◆ **Problem to solve**:
Repeat the listing verbatim. Drop any pictures.

◆ **Dataset extract**:
****************************************
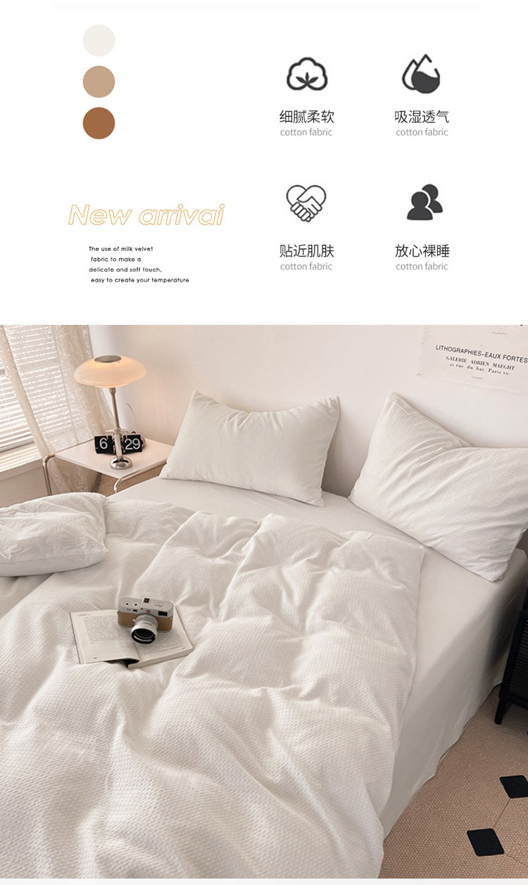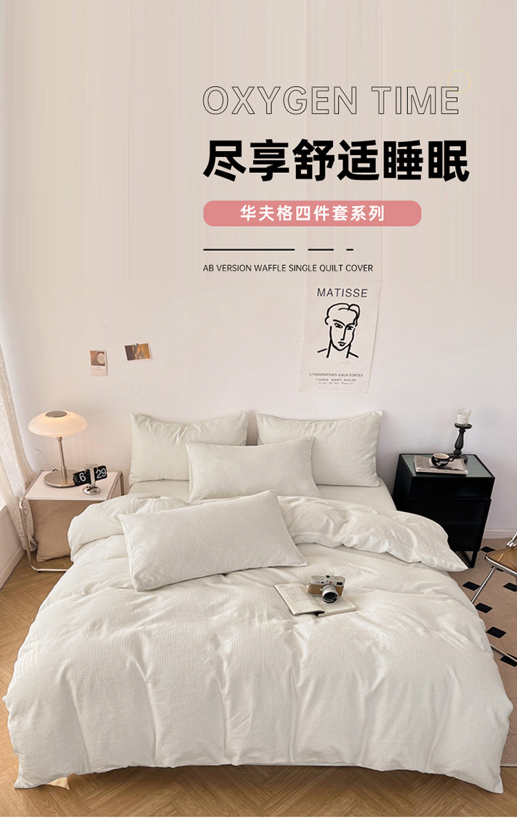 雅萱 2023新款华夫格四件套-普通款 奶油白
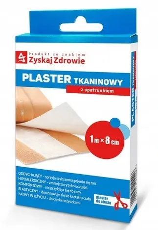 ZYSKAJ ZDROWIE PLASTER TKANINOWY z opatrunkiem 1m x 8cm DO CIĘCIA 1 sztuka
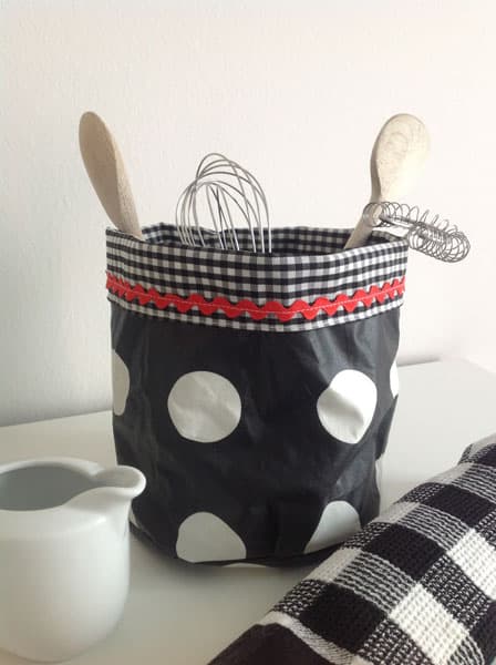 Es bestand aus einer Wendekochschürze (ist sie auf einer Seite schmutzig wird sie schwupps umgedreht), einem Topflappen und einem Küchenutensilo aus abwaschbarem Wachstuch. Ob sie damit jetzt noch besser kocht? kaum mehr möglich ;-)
****************************************
◆ **Response to the exercise**:
 雅萱 2023新款华夫格四件套-普通款 奶油白
 ZYSKAJ ZDROWIE PLASTER TKANINOWY z opatrunkiem 1m x 8cm DO CIĘCIA 1 sztuka
 Es bestand aus einer Wendekochschürze (ist sie auf einer Seite schmutzig wird sie schwupps umgedreht), einem Topflappen und einem Küchenutensilo aus abwaschbarem Wachstuch. Ob sie damit jetzt noch besser kocht? kaum mehr möglich ;-)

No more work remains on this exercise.